I pulled Mom by the hand and told the shop owner very quietly that Mom was pregnant. Mom shouted, This is not about being pregnant! She tried to rip the tinkling thing off the door when we left. Everybody was quiet in the card shop. Mom huffed and puffed all the way home. She couldn’t stand how tasteful the shop was and how white the shop owner’s teeth were. I started to say, And you really hate modern thermostats, don’t you? But by then Mom was off in a world of her own, softly growling and trying to lower her heart rate with her precious Alexander technique.

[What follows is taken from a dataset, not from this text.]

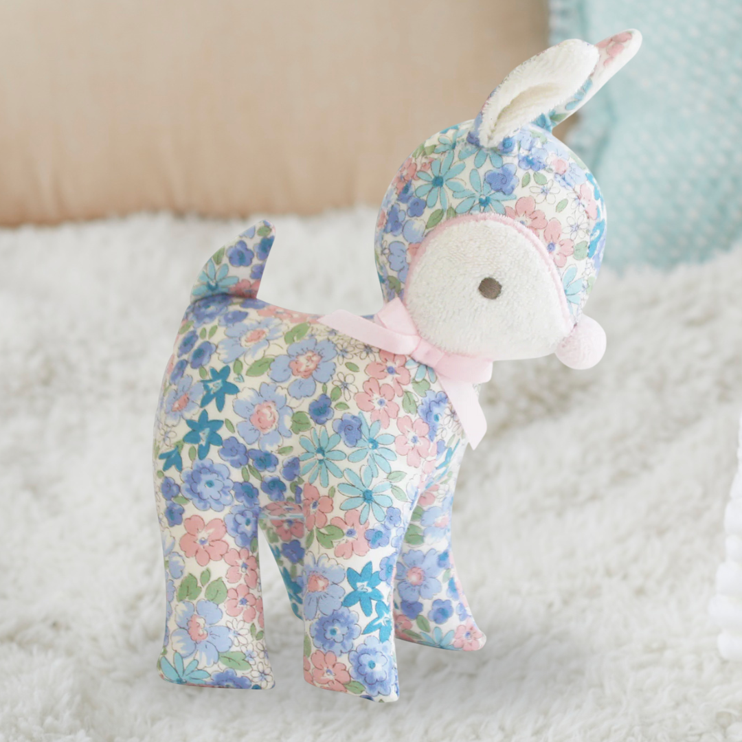 Our darling Baby Deer Rattle is the perfect first toy for your little love. Standing at a cuddly 16cm, this beautifully crafted rattle is soft, lightweight, and just the right size for tiny hands to hold. Featuring delicate floral prints, soft ears and a gentle rattle sound, it’s designed to delight and soothe babies from their earliest days.

Grandma had the conchigliettes ready for us, with her Guatemalan woven placemats and candlelight and special blue glass candleholders that Auntie Momo had given her two weeks before she died. Grandma tried to get Mom to relax by making her laugh or at least move her lips into the shape of a smile. She asked Mom if she knew about positions to have sex in when you’re pregnant. Her friend Wilda said her daughter was teaching a pre-natal course at the Y and it was just amazing what the body could do and accommodate. Mom said oh god, Mom. Who am I having sex with? Grandma said no, of course not, she knew that, but just in general. She started listing positions that were comfortable to have sex in. Stop! I said. Ho! said Grandma. Why not talk about this? I said, Because it’s not funny. Funny! said Grandma. It’s not supposed to be funny! Mom sat with her arms crossed. Her head was tipped way over to the right. Okay, said Grandma. You want Grandmas to be funny history lessons all the time, not the Kama Sutra. Well, I had one dress made out of branches to last me for eighteen years and no shoes or cellphone when I was your age, Swiv. Is that better? When Euripides, Zapata, McClung and I were young we had to eat trees and drink our own urine to survive. Luckily we had two sets of sharp teeth, like sharks. Our grandparents were sharks. We had to visit them at Christmas and Easter underwater. They loved us so much. They made us eat so much. They didn’t speak English. They were so slippery and it was hard to hug them goodbye. We’d laugh and laugh about how slippery Grandma and Grandpa were. People hibernated back then, not just bears. We all fell asleep in the fall from late October to early April.